Data-driven insights into the properties of liquisolid systems based on machine learning algorithms

Abstract

Liquisolid systems (LS) represent a formulation approach where liquid drug or its dispersion is transformed into a powder with good flowability and compactibility, leading to enhanced drug dissolution and bioavailability. Many research groups have focused on the preparation and investigation of LS, leading to a higher need for comprehensive evaluation of factors impacting LS characteristics.

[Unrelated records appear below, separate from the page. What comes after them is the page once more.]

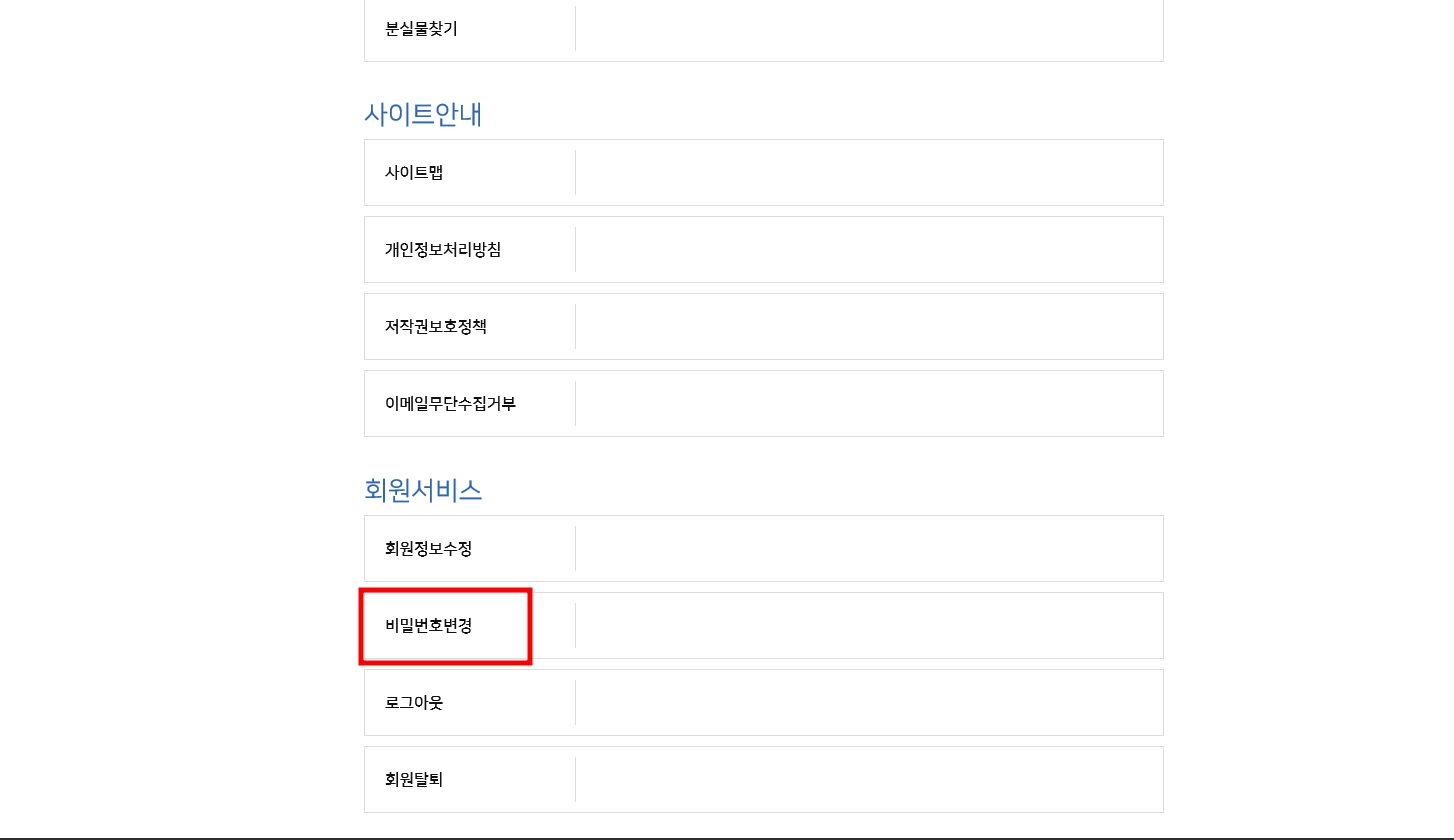 안녕하세요. 비밀 번호 변경은 홈페이지 로그인 후 사이트맵을 클릭하신 후 목록 하단의 회원서비스 메뉴 중 비빌번호 변경을 선택 후 비밀 번호 변경을 하시기 바랍니다. 감사합니다. |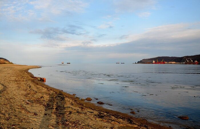 Вот на рейде в ожидании своей очереди стоит ещё пара кораблей. А со стороны за портом тщательно наблюдают две цапли. Птиц в этих краях, конечно, великое множество, особенно на островах. Почти целый день из этого отпуска мы выделили на фотоохоту за птицами на необитаемом острове Лисьем под Находкой. Надеялись увидеть ещё и нерп (небольших местных тюленей), но не повезло, зато увидели дельфинов. Впрочем, про это будет отдельная история.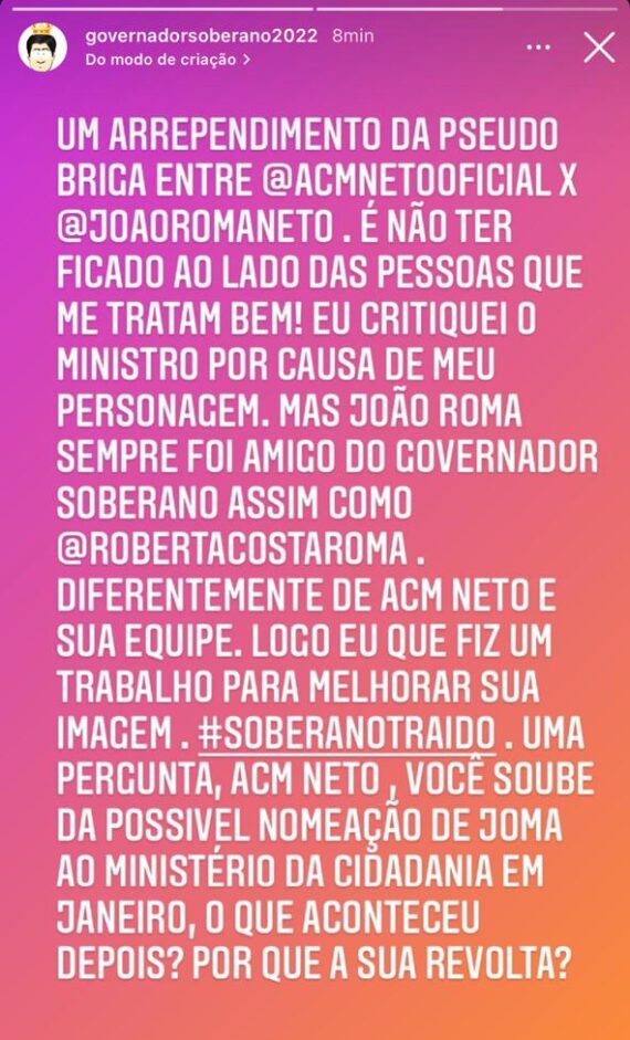 "Arrependimento é não ter ficado ao lado das pessoas que me tratam bem. Eu critiquei o ministro por causa do meu personagem, mas João Roma sempre foi amigo do Governador Soberano, assim como Roberta Roma", escreveu.

The aim of this work was to investigate the applicability of machine learning algorithms in the LS evaluation, using data mined from published literature, and provide an insight into critical factors governing the liquisolid system performance.The dataset was prepared using publication search engines and relevant keywords, with a total of 425 formulations included in the database. The database focused on preparation methods, formulation parameters, and liquisolid system characteristics. Subsequently, critical properties of the liquisolid system, i.e. flowability, compact hardness, and drug dissolution, were analyzed using machine learning algorithms, including Gradient Boosting, Adaptive Boosting and Random Forest.In addition to conventional preparation methods and excipients, novel technologies (fluid bed preparation, extrusion/spheronization) and materials (Neusilin®, Fujicalin®, and Syloid®) enhanced the properties of liquisolid systems. The analysis revealed that formulation factors, such as carrier and coating agent type and content, liquid phase load, model drug type and content, as well as preparation method, significantly influenced liquisolid system characteristics. The models developed exhibited high prediction accuracy when applied on test data (higher than 80 %). This indicates that the machine learning models may provide an insight into the critical attributes affecting the LS performance and may be used as a valuable tool in the development and optimization of these samples.